A loss would have been crushing for Airbus and for the neo, a re-engined version of its twin-aisle A330 with fuel-saving winglets and a new turbine from Rolls-Royce Holdings Plc. Before the show started, the plane’s order book stood at 224, and any backslide would have risked hurting the plane’s sales prospects.
“This is an extremely important moment for Airbus,” chief salesman Eric Schulz said separately at the expo southwest of London. “AirAsia X is the largest, fastest growing low-cost business in all of Asia. This is a very key customer.”
As it stands, AirAsia now accounts for 38 percent of the A330’s backlog. Its primacy gave Fernandes a tremendous amount of leverage in negotiations, and from all evidence he took full advantage.

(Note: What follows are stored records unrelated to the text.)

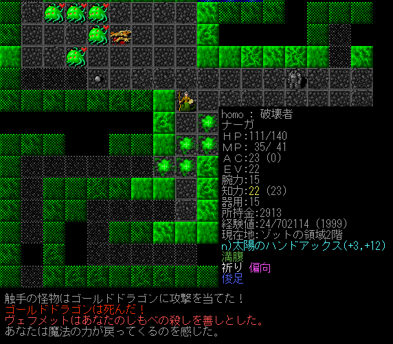 触手達が間に合ってくれてゴールドドラゴンを撃破。ゾットの領域5階のプレイ動画を見ました。ちょっとあれは無理ですね。今からでも妖術を上げるべきか?
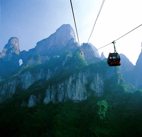 (如遇恶劣天气影响,天门山景区考虑安全因素,部分景点会关闭,以景区实时公布为准,敬 请报名时知须。)【天门山索道】通天大道之外的上下山通道。它是世界最长高山观光客运索道,全长 7454 米,高差 1277 米,单程运行时间约 28 分钟。其中间站到上站之间的局部斜度高达 37 度,世界罕见;
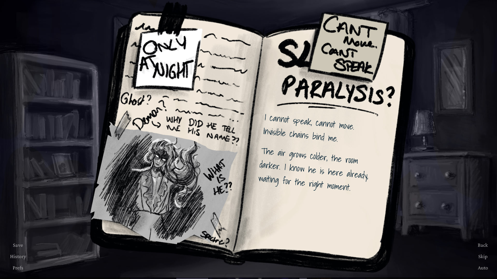 Explore a single surreal encounter with a sleep paralysis demon who might want more than to simply haunt you. itch.io]
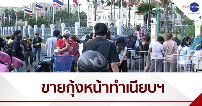 กลุ่ม We Volunteer หรือ “WeVo” นำเกษตรกรบ่อกุ้งจังหวัดนครปฐม พร้อมกุ้งขาวกว่า 1,000 กิโลกรัม มาขายหน้าทำเนียบรัฐบาล หลังได้รับผลกระทบจากการแพร่ระบาดโควิด-19 แพกุ้งในจังหวัดสมุทรสาคร
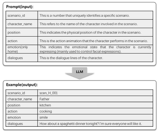 Figure 6 illustrates an example of how the scenario content was generated using LLM. A structured prompt containing key scenario elements, such as scenario ID, character name, position, action, emotion, and dialogue, is provided as input. Based on this input, the LLM generates a coherent output that specifies the detailed attributes for each element, producing contextually appropriate character behaviors and dialogues.
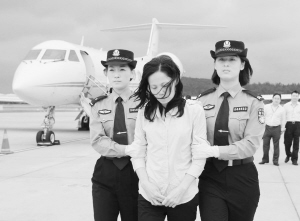 9月24日,在福州长乐机场,邝婉芳被强制遣返回中国。
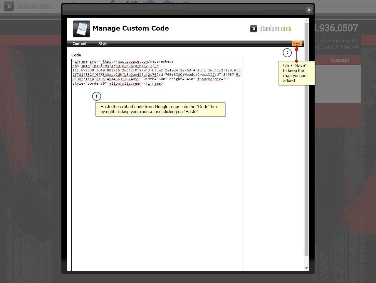 - Paste the embed code from Google maps into the “Code” box by right clicking your mouse and clicking on “Paste”.
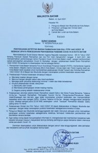 Wakil Wali Kota Batam, Amsakar Achmad, menegaskan, melalui surat edaran yang ditandatangani Wali Kota Batam, Muhammad Rudi, pada 6 April 2021, ada enam poin yang disampaikan. Surat edaran tersebut ditujukan kepada pengurus masjid, musala, ormas, camat, lurah, dan masyarakat secara umumnya.

“We were thinking hard whether we keep the 66 A330neos,” Fernandes said. “That is what we were working on, to see which aircraft we want to buy: Do we buy Boeing? Do we buy Airbus?”
AirAsia X will use the biggest A330-900 variant, according to a statement, taking the group’s total order book for the plan to 100. AirAsia Group shares gained as much as 1.9 percent in Kuala Lumpur.
While an anticipated order for 100 A321neo narrow-body aircraft failed to materialise at the show, Fernandes said the airline needs capacity and will buy more planes. That order would have totaled $13 billion at list prices, before customary discounts. “I focussed on this one first,” he said.
The new planes will help Fernandes further his plan to build a pan-Asian budget airline. The AirAsia X long-haul arm now operates about 20 routes.
Five or six of the new planes for AirAsia X will arrive in 2020 and be used in Thailand, Malaysia and Indonesia, Air Asia X Malaysia CEO Benyamin Ismail said at the briefing. Another 10 are scheduled for delivery in 2021 and will also be used in Thailand and Indonesia.
The A330neo, designed as a quick and easy upgrade to its A330 predecessor, previously suffered months of setbacks after being edged out by Boeing in key contests. Most recently, Airbus lost an order when India’s Vistara chose the 787. On Thursday, Boeing finalised a 787 sale to Hawaiian Airlines, which had canceled its A330neo contract in March.
In addition to the AirAsia X order, Airbus has sold eight more A330neos at the show, two to Uganda Airlines and six to an undisclosed buyer.
Fernandes said the negotiations on the Airbus order continued “until late last night.” He stayed home rather than make the trip to London in order to celebrate with a larger group of AirAsia staff, and because he had to meet with the chief regulator in the state of Sabah over low-cost terminal issues.
He said the decision to go with Airbus resulted from the biggest analytical undertaking that he’d done in 16 years since taking over AirAsia.